The processor uses two-level concurrency control to prevent overloading the llm-d Router:

  • Global concurrency — caps total in-flight requests across all models.
  • Per-model concurrency — caps in-flight requests to a single model.

Crash Recovery

On startup, the processor scans for jobs that were in_progress when a previous instance crashed. If a partial output file exists, the processor uploads it and marks the job as failed. Otherwise, the job is re-enqueued for a full retry.

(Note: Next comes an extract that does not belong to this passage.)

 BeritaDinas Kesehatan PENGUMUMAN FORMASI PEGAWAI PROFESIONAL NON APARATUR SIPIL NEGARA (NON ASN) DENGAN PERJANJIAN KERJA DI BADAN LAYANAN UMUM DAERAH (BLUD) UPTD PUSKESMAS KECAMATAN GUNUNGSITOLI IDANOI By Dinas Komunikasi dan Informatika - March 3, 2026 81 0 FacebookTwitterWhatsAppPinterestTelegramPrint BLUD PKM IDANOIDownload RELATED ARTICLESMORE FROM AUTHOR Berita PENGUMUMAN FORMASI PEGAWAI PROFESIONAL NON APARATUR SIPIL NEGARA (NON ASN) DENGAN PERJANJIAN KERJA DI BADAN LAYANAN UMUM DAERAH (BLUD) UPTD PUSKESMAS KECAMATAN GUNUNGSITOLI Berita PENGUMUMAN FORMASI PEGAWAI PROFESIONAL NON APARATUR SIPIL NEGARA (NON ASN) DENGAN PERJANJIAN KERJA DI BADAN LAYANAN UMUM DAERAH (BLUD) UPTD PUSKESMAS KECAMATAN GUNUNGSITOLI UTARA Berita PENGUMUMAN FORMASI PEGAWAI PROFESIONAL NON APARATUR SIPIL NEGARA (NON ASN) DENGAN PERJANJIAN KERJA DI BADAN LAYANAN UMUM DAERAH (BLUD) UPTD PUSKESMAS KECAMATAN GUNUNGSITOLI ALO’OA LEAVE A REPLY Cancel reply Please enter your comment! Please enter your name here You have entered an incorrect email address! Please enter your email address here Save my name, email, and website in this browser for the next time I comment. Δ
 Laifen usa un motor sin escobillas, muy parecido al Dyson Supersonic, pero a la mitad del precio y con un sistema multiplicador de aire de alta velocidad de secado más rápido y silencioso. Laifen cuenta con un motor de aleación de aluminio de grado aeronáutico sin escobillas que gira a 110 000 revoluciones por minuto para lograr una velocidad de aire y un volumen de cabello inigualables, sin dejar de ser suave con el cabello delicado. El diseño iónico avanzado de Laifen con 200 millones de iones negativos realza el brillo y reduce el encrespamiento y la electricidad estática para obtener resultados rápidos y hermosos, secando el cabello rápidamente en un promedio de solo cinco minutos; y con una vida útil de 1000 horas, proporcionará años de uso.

Recovery concurrency is capped to avoid overwhelming the system during restart storms.

Storage Layer

All Batch Gateway components share a pluggable storage layer:

FunctionOptionsNotes
Jobs and files metadataPostgreSQL, Redis, ValkeyPostgreSQL for production; Redis and Valkey for development/test only
Priority queueRedis, ValkeySorted set with SLO-based priority
Event channelsRedis, ValkeyPub/Sub for job cancellation and future supported events
Status updatesRedis, ValkeyJob processing progress tracking
File storageS3, FilesystemS3 for multi-replica deployments; filesystem (PVC) for single-node

Garbage Collector

The GC runs on a configurable interval and removes:

  • Expired batch jobs (past their completion_window).
  • Expired files (past their configured expiration).

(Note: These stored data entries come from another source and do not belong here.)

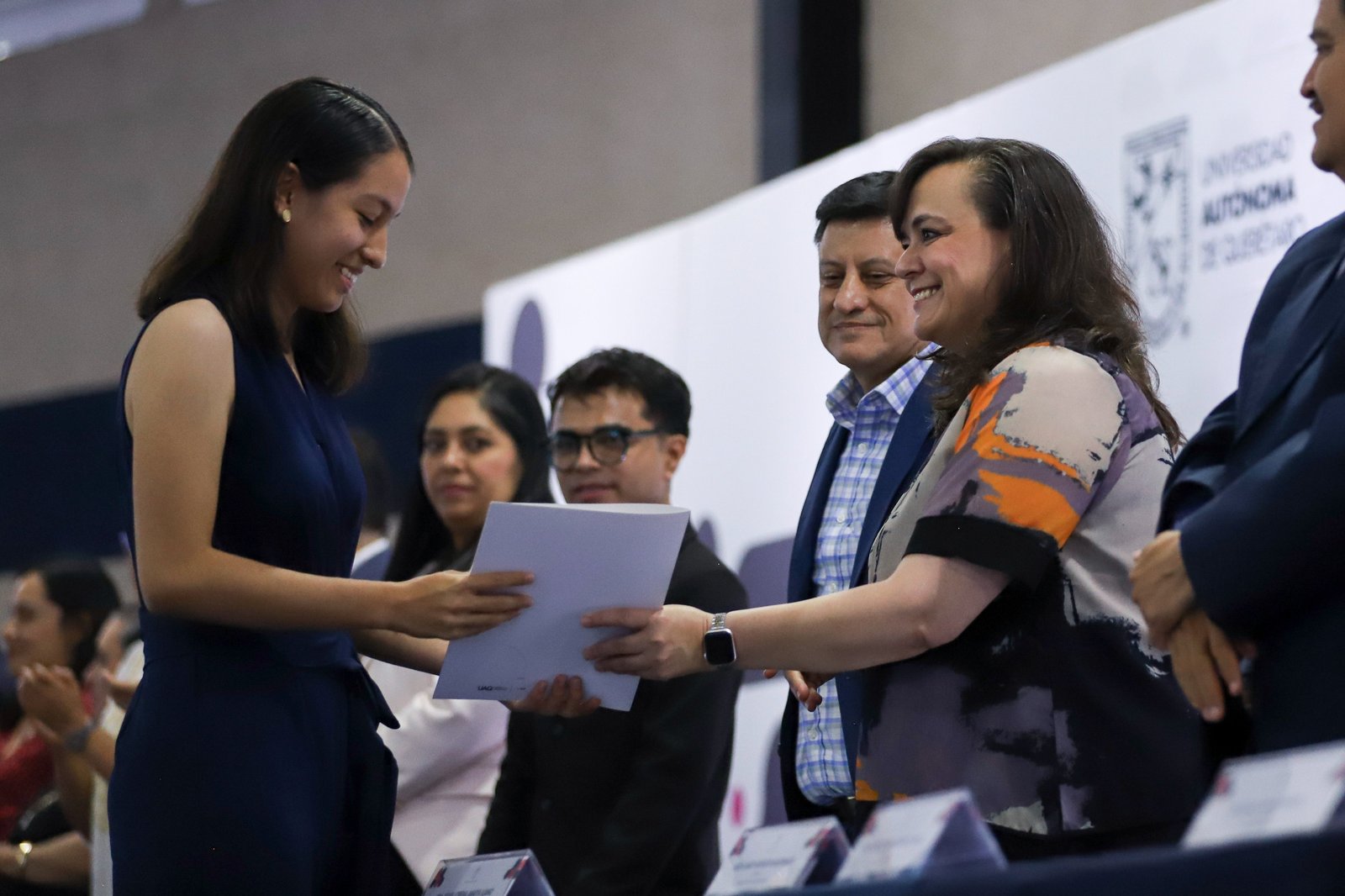 La Rectora distinguió a 146 egresadas y egresados que alcanzaron los promedios más altos de sus respectivas generaciones; 33 de ellos, dijo, recibieron la Medalla al Mérito Académico y 113 el reconocimiento por su alto desempeño. En su mensaje, destacó que la historia que forjaron a lo largo de su paso por las aulas universitarias tiene en común la responsabilidad y la profunda dedicación a instruirse y dar lo mejor de sí.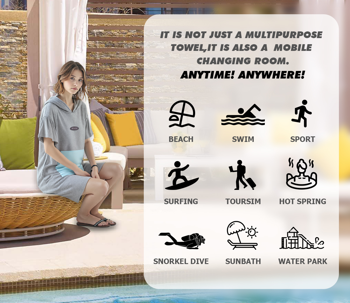 Wherever you go, the Surf Poncho goes with you — offering full-body coverage, comfort, and practicality. Change with confidence — anytime, anywhere.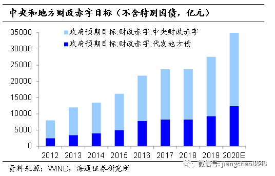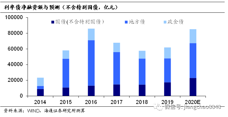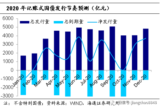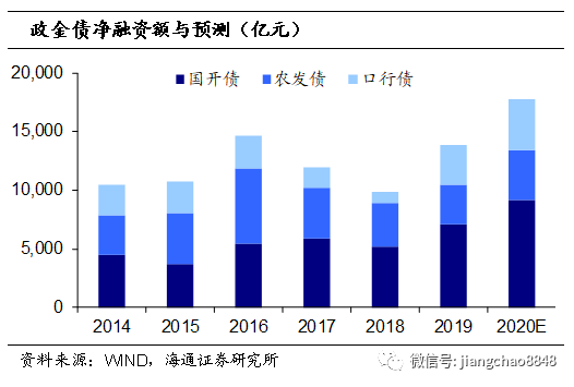考虑到去年国债实际发行量占中央财政赤字目标的比重,预计20年国债(不含特别国债)净融资额2.3万亿,相对于19年增加近5500亿。我们预计今年或将发行1万亿元的特别国债,预计今年国债+特别国债净融资额或达到3.3万亿。

It limits concurrent deletions to avoid database pressure.

Authentication and Multi-Tenancy

Batch Gateway delegates authentication and authorization to the upstream gateway infrastructure:

  • The API server extracts a tenant identifier from an HTTP header (configurable).
  • All data queries are filtered by tenant ID. Cross-tenant access is rejected.
  • The processor forwards configurable pass-through headers with each inference request, so the llm-d Router can authenticate and authorize the end user per-request.
  • File paths are hashed by tenant ID to prevent enumeration.

The batch route authenticates (verifying identity), while the inference route authorizes (verifying model access). This separation ensures that batch job creation doesn't require per-model permissions — authorization is enforced at inference time.

Observability

  • Prometheus metrics: request counts, job processing times, queue wait duration, worker utilization, per-model concurrency, and token counts.
  • OpenTelemetry tracing: distributed traces across API server, processor, database, and llm-d Router calls.
  • Grafana dashboards: pre-built dashboards for API server and processor metrics, included in the Helm chart.
  • Prometheus alerting rules: configurable alerts for high queue wait time, job failure rate, expired jobs, and worker saturation.